* YOUR GOAL: Copy the lines below as they are; omit the images they contain.

* AVAILABLE DATA:
* * * * * * *

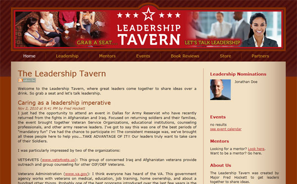 This website offers a lot of functionality in the form of a blog, the ability to nominate and display leaders, show events, accept and display book reviews, purchase products, and allow postings by people looking for mentors.
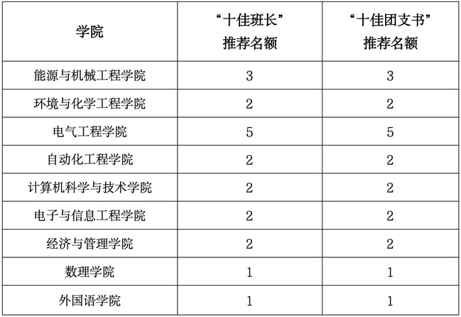 各學(xué)院可結(jié)合實(shí)際情況,推薦符合要求的“十佳班長(zhǎng)”“十佳團(tuán)支書”候選人。填寫《上海電力大學(xué)“十佳班長(zhǎng)”“十佳團(tuán)支書”申報(bào)表》(附件1)和《上海電力大學(xué)“十佳班長(zhǎng)”“十佳團(tuán)支書”信息匯總表》(附件3),推薦至校團(tuán)委。各學(xué)院名額分配如下:
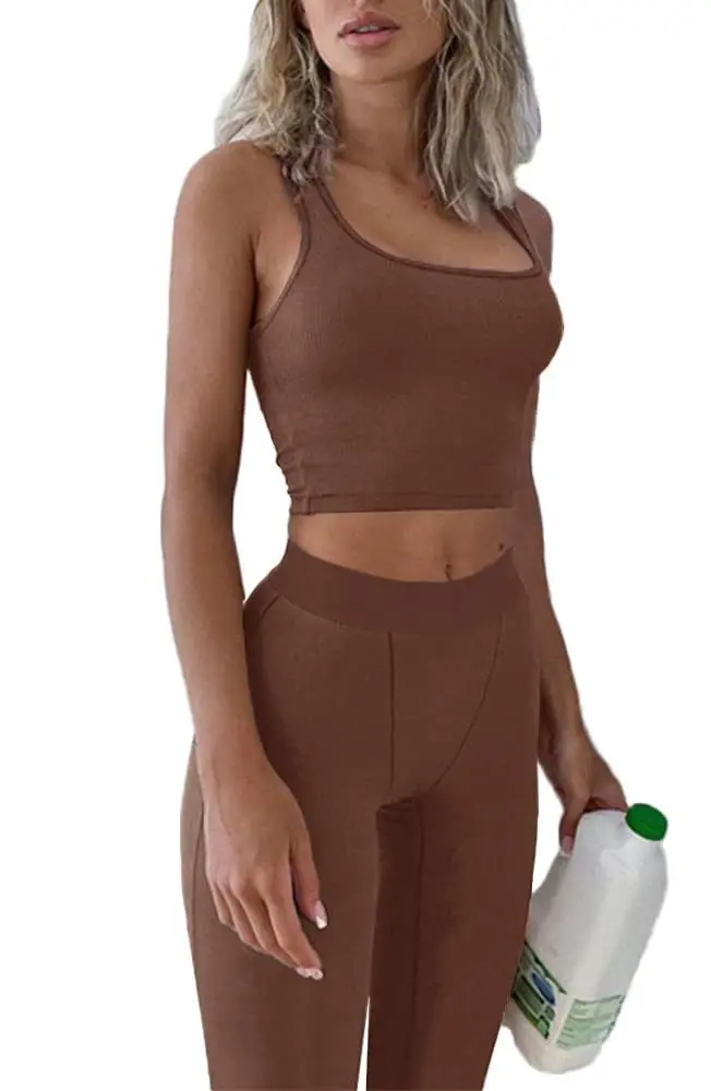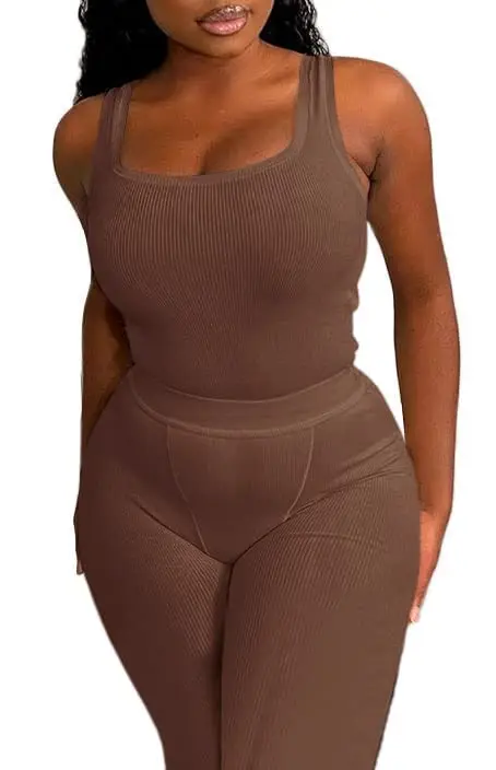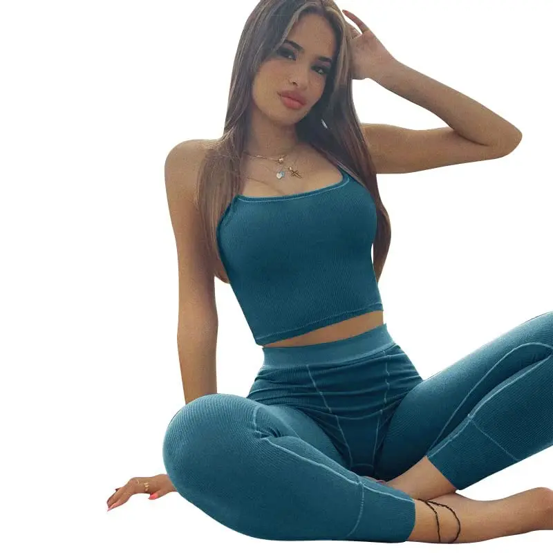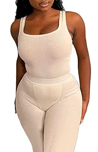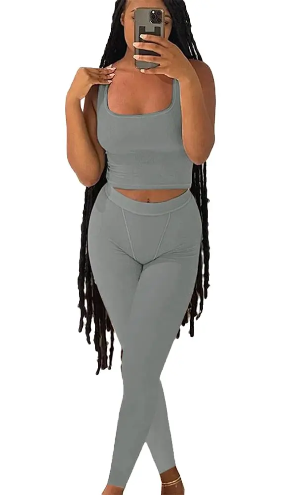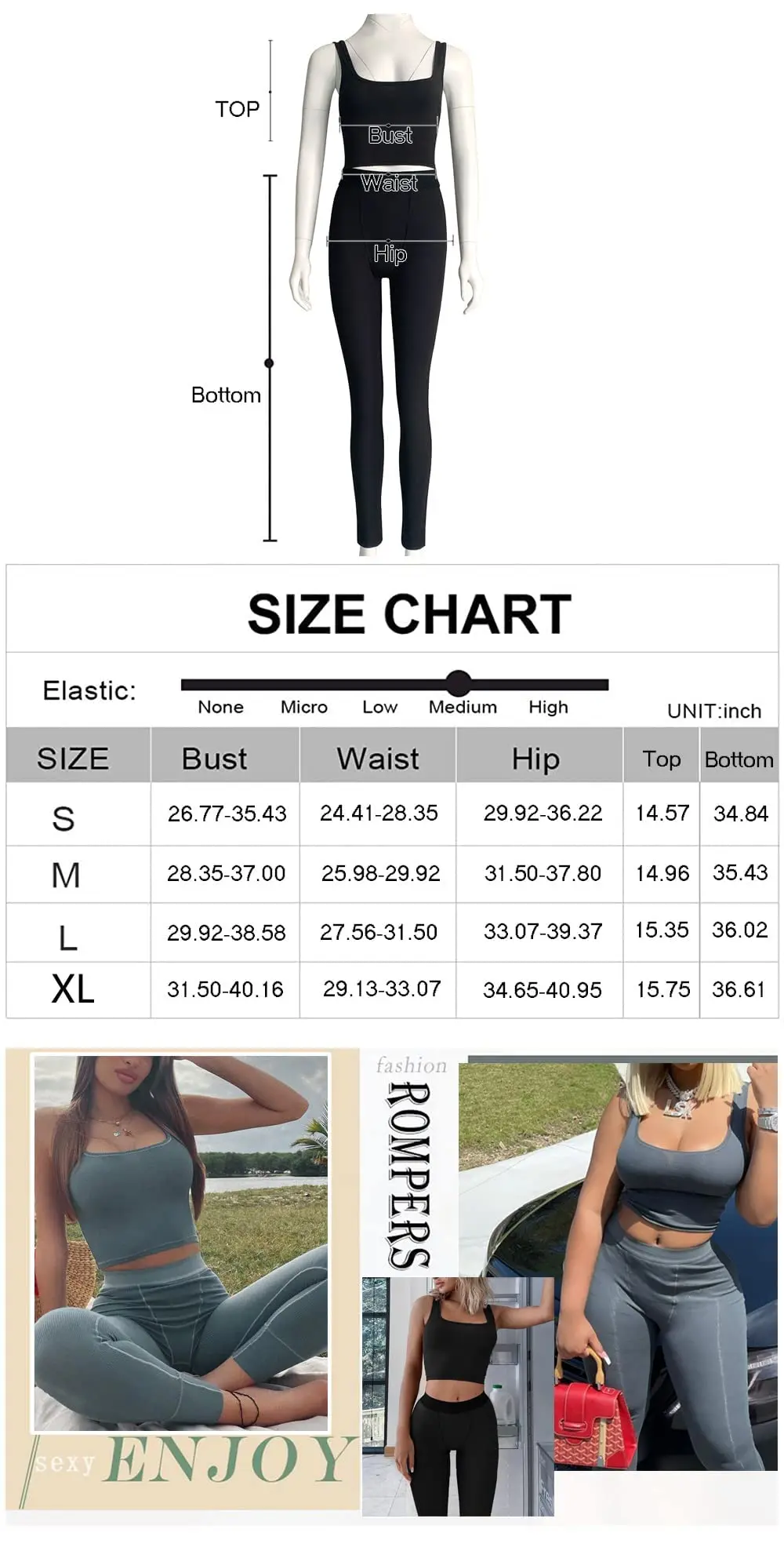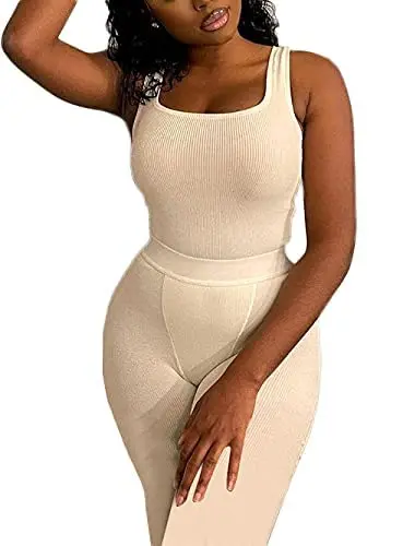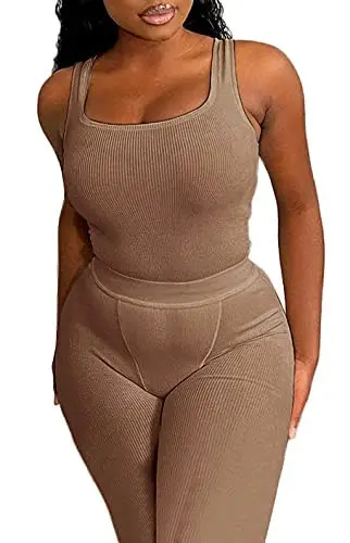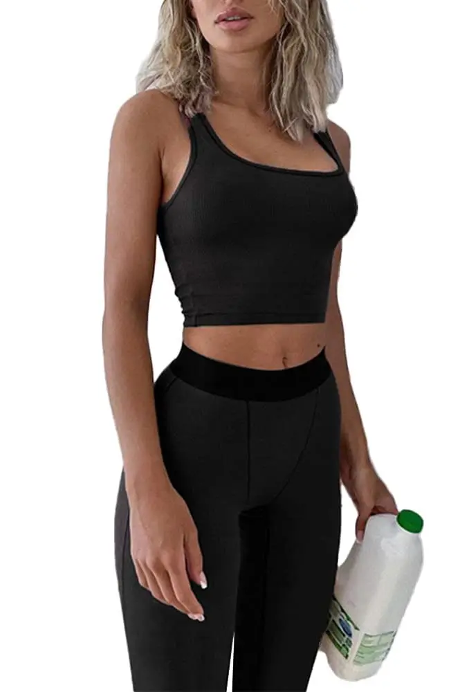 Casual Workout Sets 2 Piece Outfits For Women Ribbed Crop Tank Top High Waist Yoga Leggings Lounge Wear Tracksuit Price range: $ 19 through $ 23
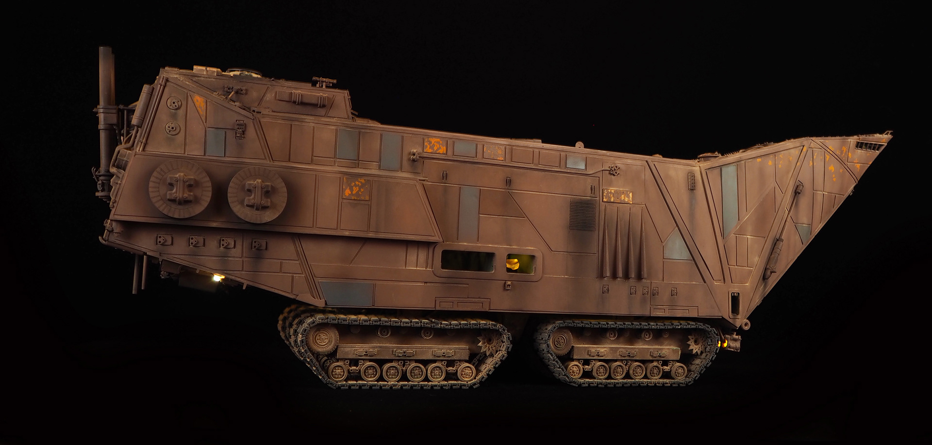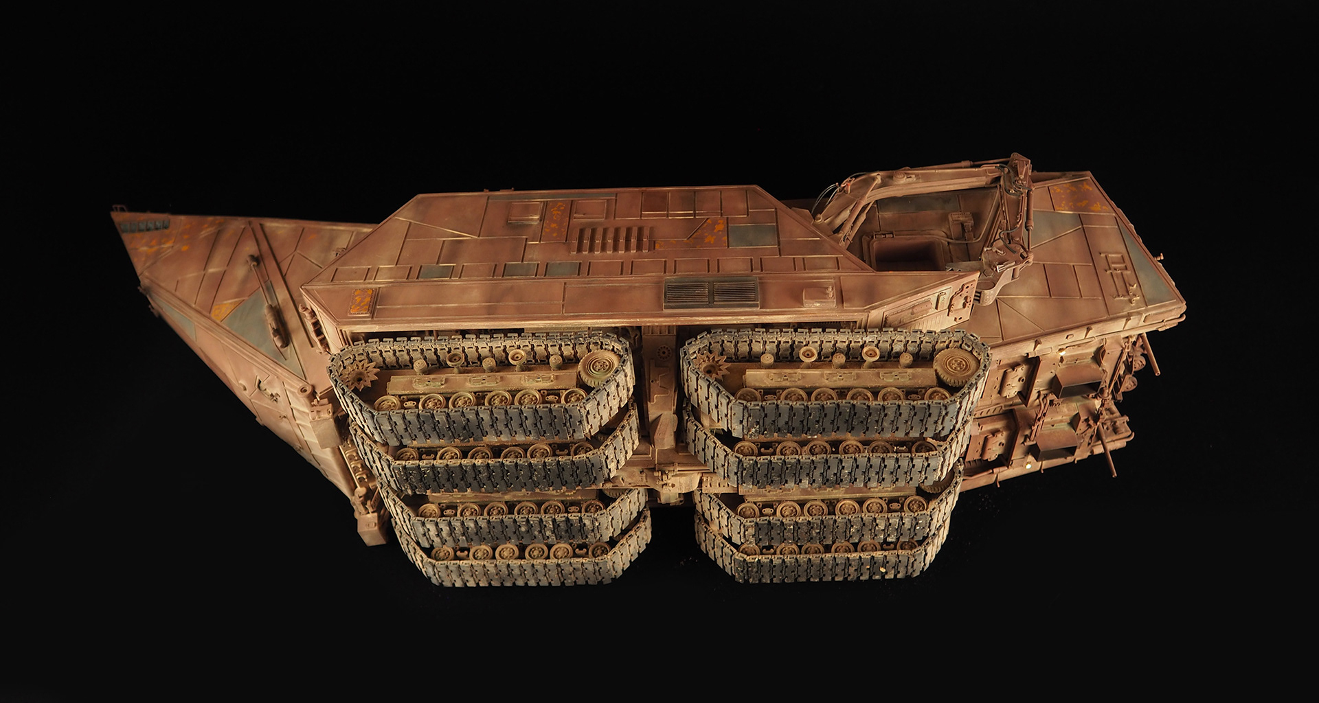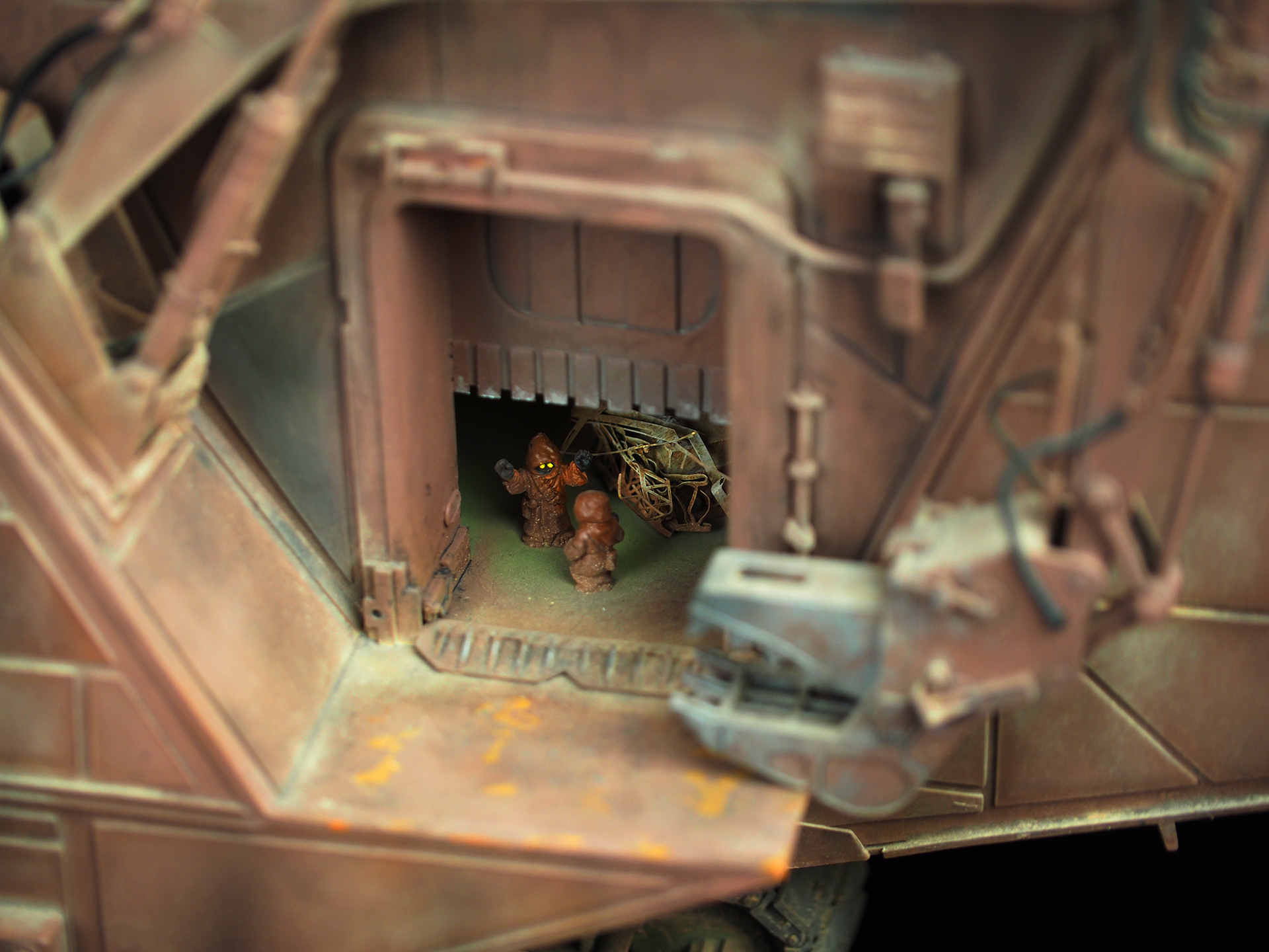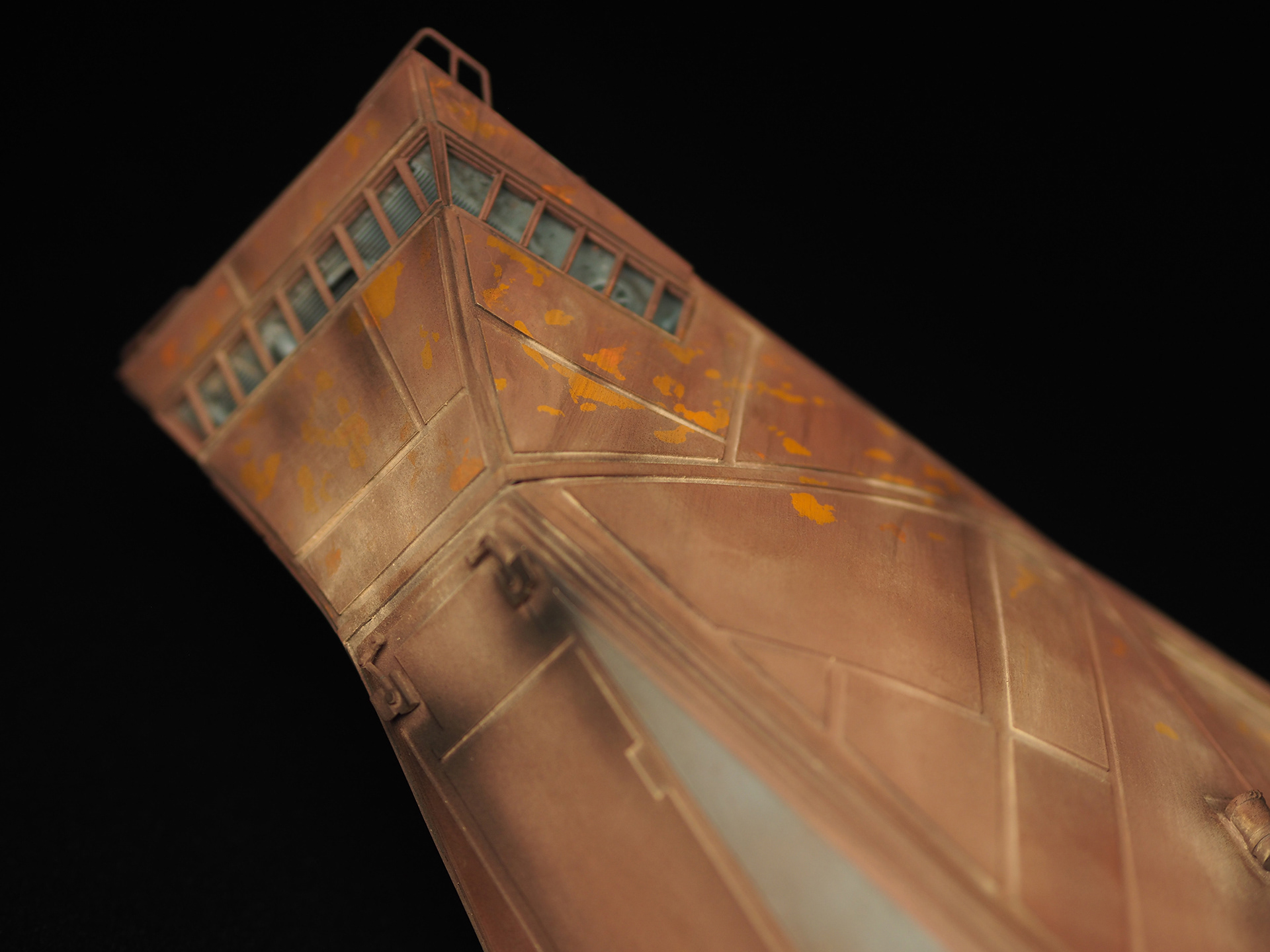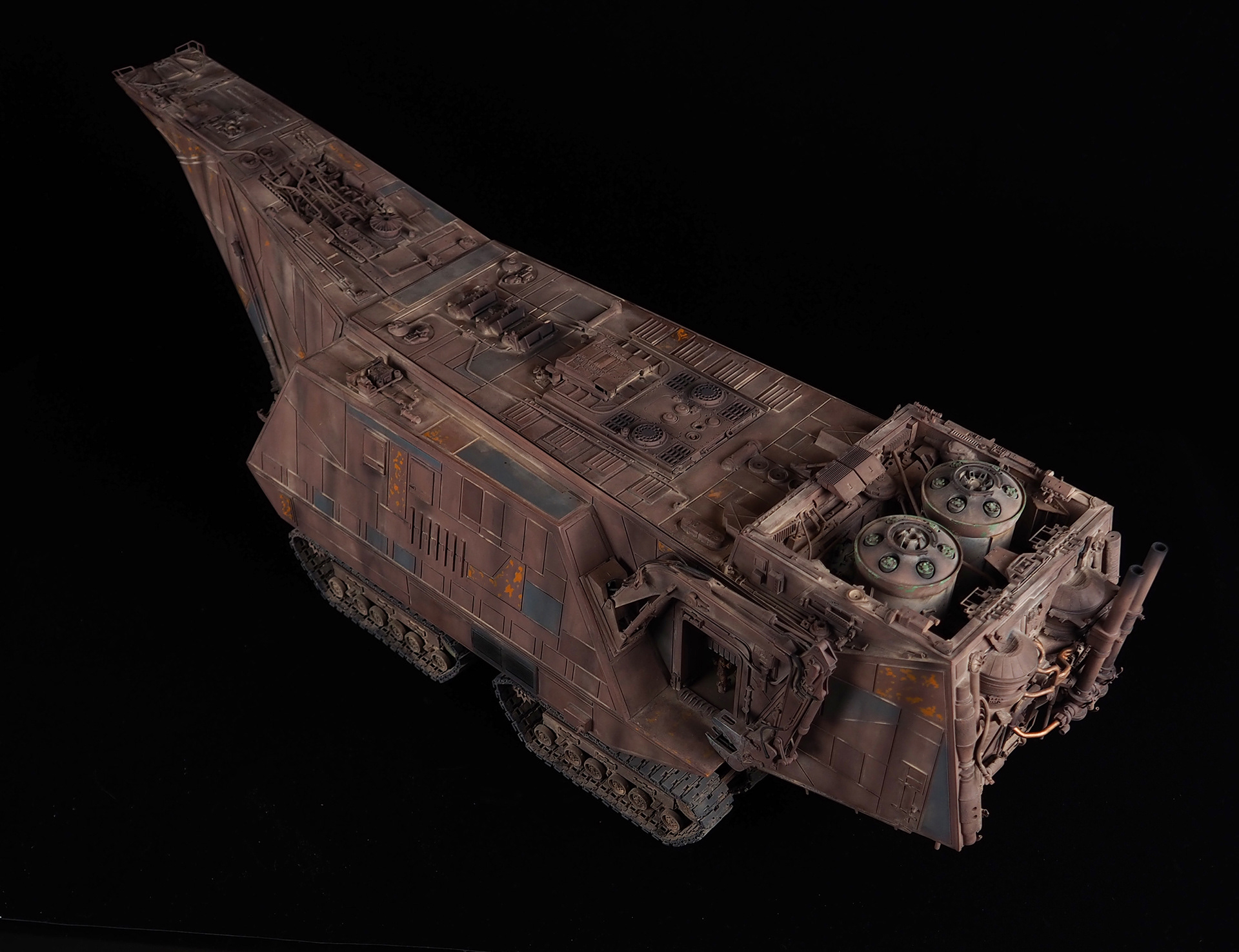 This is my interpretation of the Sandcrawler from Star Wars, as seen in the preproduction painting by Ralph McQuarrie. Much like the sketchbooks featuring the work of Joe Johnston and others, the McQuarrie paintings were and continue to be a massive source of inspiration for me. This model was my first real foray into building an under structure in Rhino and then printing in ABS on an FDM printer. From there I clad the model in styrene and detailed it using traditional techniques. Comically, it’s in scale with the Galoob Jawas, so I threw some in here and there. It took the better part of a year and a half to build the model, and I feel that I grew my digital skill sets tremendously.

* * * * * * *

* EXPECTED ANSWER:
 This website offers a lot of functionality in the form of a blog, the ability to nominate and display leaders, show events, accept and display book reviews, purchase products, and allow postings by people looking for mentors.
 各學(xué)院可結(jié)合實(shí)際情況,推薦符合要求的“十佳班長(zhǎng)”“十佳團(tuán)支書”候選人。填寫《上海電力大學(xué)“十佳班長(zhǎng)”“十佳團(tuán)支書”申報(bào)表》(附件1)和《上海電力大學(xué)“十佳班長(zhǎng)”“十佳團(tuán)支書”信息匯總表》(附件3),推薦至校團(tuán)委。各學(xué)院名額分配如下:
 Casual Workout Sets 2 Piece Outfits For Women Ribbed Crop Tank Top High Waist Yoga Leggings Lounge Wear Tracksuit Price range: $ 19 through $ 23
 This is my interpretation of the Sandcrawler from Star Wars, as seen in the preproduction painting by Ralph McQuarrie. Much like the sketchbooks featuring the work of Joe Johnston and others, the McQuarrie paintings were and continue to be a massive source of inspiration for me. This model was my first real foray into building an under structure in Rhino and then printing in ABS on an FDM printer. From there I clad the model in styrene and detailed it using traditional techniques. Comically, it’s in scale with the Galoob Jawas, so I threw some in here and there. It took the better part of a year and a half to build the model, and I feel that I grew my digital skill sets tremendously.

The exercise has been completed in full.